Connect agents to the endpoint URL with a token scoped to exactly one database. The agent sees only the tools you configured — fully domain-specific, no Rekor concepts.

Endpoints can only be created/modified in preview databases. Promote to production when ready.

API Tokens

Create scoped tokens for agents, integrations, and CI/CD. Tokens can be restricted to specific databases, collections, environments, and permissions. Tokens are hashed before storage — the raw value is shown only once on creation.

# Create a full-access token

rekor tokens create --name "my-key" --grants '[{"scope":{"databases":[""]},"permissions":[""]}]'

Create a scoped token (read-only on one database)

rekor tokens create --name "client-a-reader" \

--grants '[{"scope":{"databases":["client-a"],"environments":["production"]},"permissions":["read:documents","read:collections"]}]'

Create a token with expiration

rekor tokens create --name "temp-key" \

--grants '[{"scope":{"databases":[""]},"permissions":[""]}]' \

--expires-at 2026-12-31T23:59:59Z

List tokens (shows status, last_used_at, expires_at)

rekor tokens list

Revoke a token

rekor tokens revoke <token_id>

Permissions: read:documents, write:documents, read:collections, write:collections, read:relationships, write:relationships, read:attachments, write:attachments, read:hooks, write:hooks, read:triggers, write:triggers, read:endpoints, write:endpoints, read:databases, write:databases, or for all. Scope fields: databases (required), collections (optional — omit for all), environments (optional — production, preview, or omit for both).
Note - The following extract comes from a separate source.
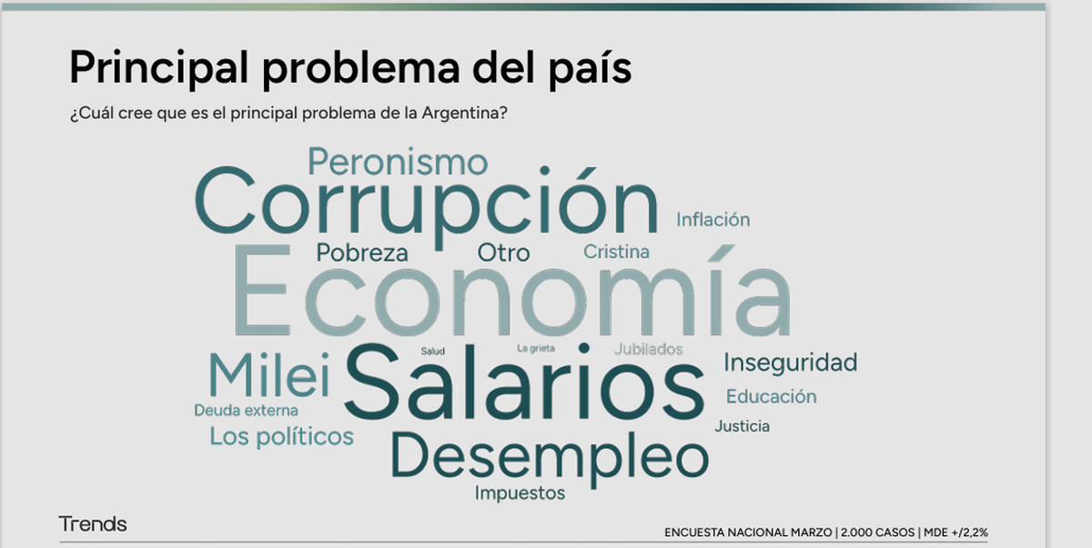 Salarios, desempleo y corrupción, los principales problemas: Se destacan esas inquietudes en una nube de palabras.

Tokens enforce a privilege ceiling — you can only create tokens with equal or narrower scope than your own.

Account & Diagnostics

rekor whoami                 # Show the authenticated identity

rekor status # Auth, connectivity, and CLI version diagnostics

rekor update # Update the CLI to the latest published version

The CLI checks for a newer published version in the background and prints a one-line notice when an update is available. Disable the check with REKOR_NO_UPDATE_CHECK=1 (also disabled when NO_UPDATE_NOTIFIER or CI is set).

---

Output Format

Add --output json for machine-readable JSON output (default is table).
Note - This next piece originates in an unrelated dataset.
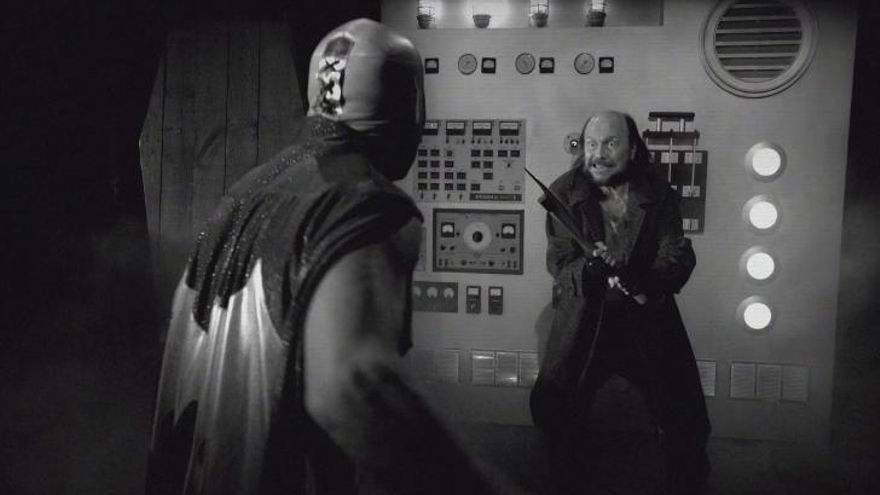Empieza el capítulo con lo que parece un fragmento de película antigua, en blanco y negro, con un combate de lucha mexicana. Y ¡Oh, sorpresa! Santiago Segura hace un papel secundario, es el siervo de un vampiro al que acaba de matar el luchador ángel de plata. Gracias al cielo la película la van rebobinando, una especie de serie Z. Y vemos al fin quién está visionando tal cutrez, es el mismísimo ángel de plata, repasando su filmografía.

rekor documents get invoices rec_abc --database my-ws --output json

Data Input

Any --data, --schema, --tools, or --operations flag accepts:

  • Inline JSON: '{"key":"value"}'
  • File reference: @path/to/file.json

Environments

Databases are either production or preview. As an agent, you can:

  • Read from any database (production or preview)
  • Write documents and relationships to any database
  • Modify schemas (collections, triggers, hooks) only in preview databases

To modify schemas, create a preview database first:

rekor databases create-preview my-database --name "add-invoices"

Then work in the preview database:

rekor collections upsert invoices --database my-database--add-invoices \

--schema '{"type":"object","properties":{"amount":{"type":"number"}}}'

When you're done, ask a human operator to promote your changes:

# Human runs: rekor databases promote my-database --from my-database--add-invoices
Promotion is a human-only operation. You cannot promote directly. Always work in preview for schema changes.

Best Practices

  • Use external IDs for idempotent upserts — retry-safe, no duplicates.
  • One database per context — keeps data isolated (per test run, per agent, per environment).
  • Preview for schema changes — modify collections, triggers, hooks in a preview database. Ask a human to promote.
  • Batch for atomicity — when multiple writes must succeed or fail together.
  • Relationships over nested data — link documents instead of embedding. Enables traversal and flexible queries.
  • Schema first — define the collection schema before writing documents. Validation catches bad data early.
  • Query delay after writes — single-document reads (documents get, relationships get) reflect writes immediately; sql and query-relationships may take a moment to catch up. If you need to query right after writing, wait briefly or use direct gets.
  • Set token expiration — use --expires-at for short-lived tokens. Revoke unused tokens promptly.
  • Save tokens immediately — the raw token is shown only once on creation. Store it securely before closing the terminal.